While the combination of big data and online public opinion has just started, AnupChakraborty and Sueli Dey [3] (2012) have analyzed the big data in the public sector of the Indian government, which may have a huge impact on the model of Indian Public Sector Management. Wendy N. Whitman Cobb [4] (2015) has discussed a timely and broad issue.:Public opinion issues and the prosperity of “big data”. Lately, in China, Sun Wenbo and Yan Wujie in the “Government Supervision Research on Internet Public Opinion Governance from the Perspective of Big Data” pointed out:The government can realize the government’s macro-control of public opinion by establishing an online public opinion big data supervision system. Wang Ying, Gong Huaping [6] (2017) have used big data crawler tools and text analysis techniques to analyze the sentiment trend and sentiment dimension state during the peak period of the public opinion event of “Nanchang University’s independent cleaning”, which researched and judged public opinion events in the network.

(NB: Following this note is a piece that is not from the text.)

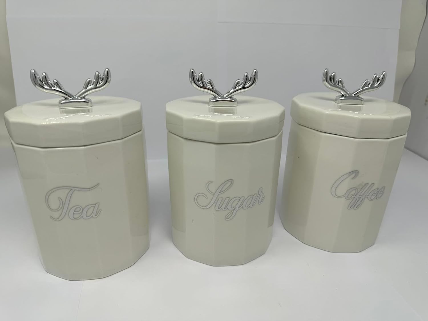 Set Of 3 White & Silver Tea Coffee Sugar Ceramic Canisters, kitchen Storage jars
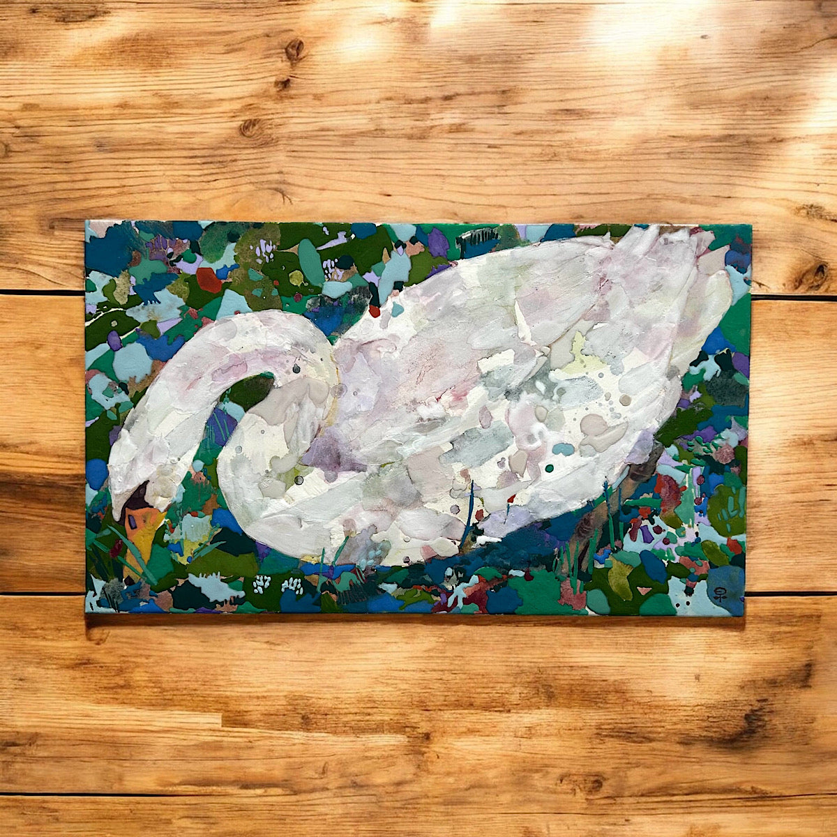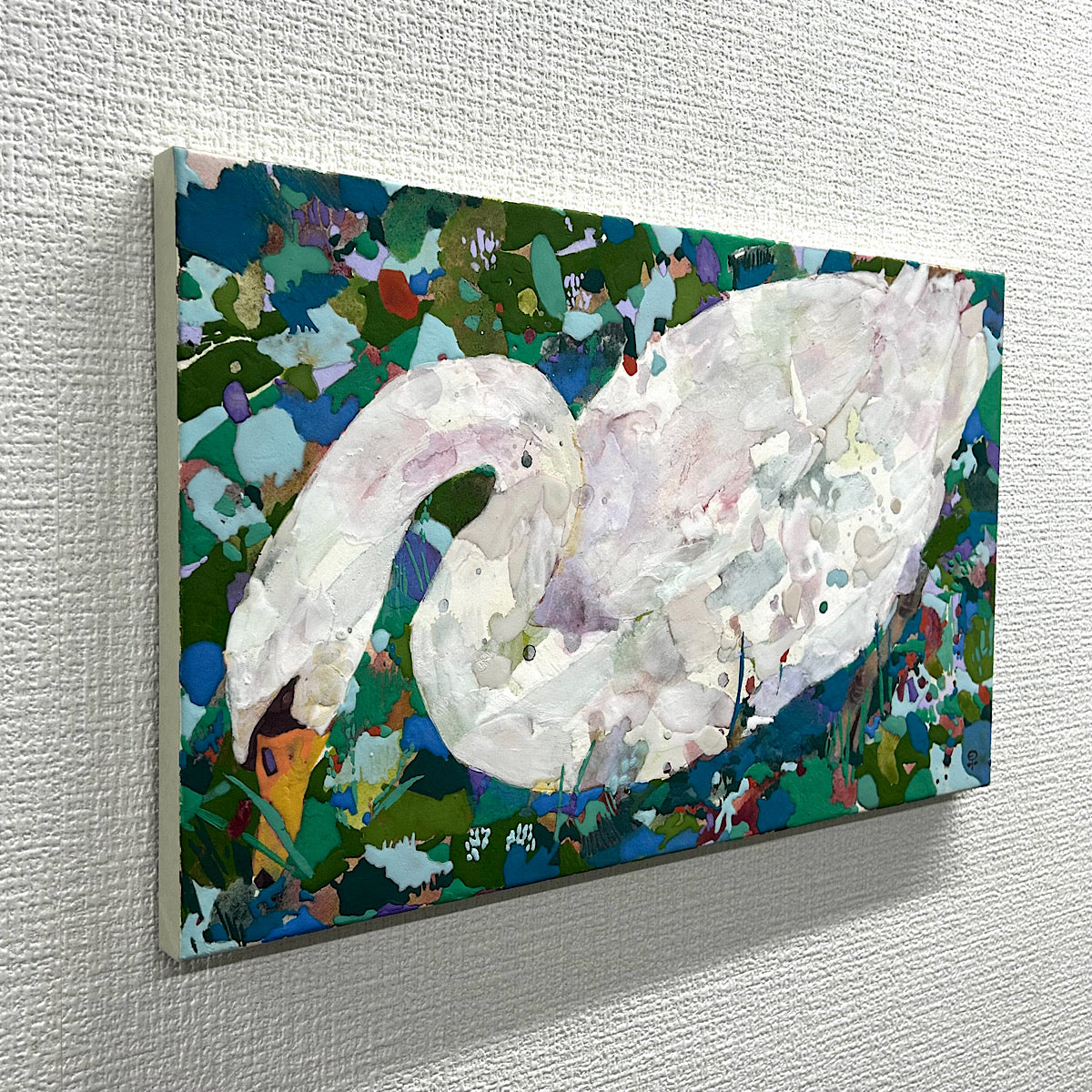 実力派の若手女流日本画アーティスト、藤原 早苗(Sanae FUJIWARA)氏による、食べ物をついばむ白鳥をモチーフとした色彩豊かな絵画作品!!

As an increasingly active social media platform in China, according to Sina’s financial report during the fourth quarter of 2018, Weibo has 462 million active users. The number of active users in Weibo has increased by more than 70 million for three consecutive years, the trend of the use of APP has continued to increase, for users’ enthusiasm for interaction is high [7]. These above conditions make Weibo one of the important platforms for the generation and dissemination of public opinion. Therefore, this article have used Weibo’s hot search data as the main data source for public opinion analysis in this article, and have used big data technologies, such as crawlers and statistical analysis methods, to collect and aggregate data on hot search data that occurred on the Weibo network. This article aims to effectively monitor public opinion by further grasping the cognition of Weibo users on hot topics during the epidemic, so as to provide an important reference for the government to make decisions.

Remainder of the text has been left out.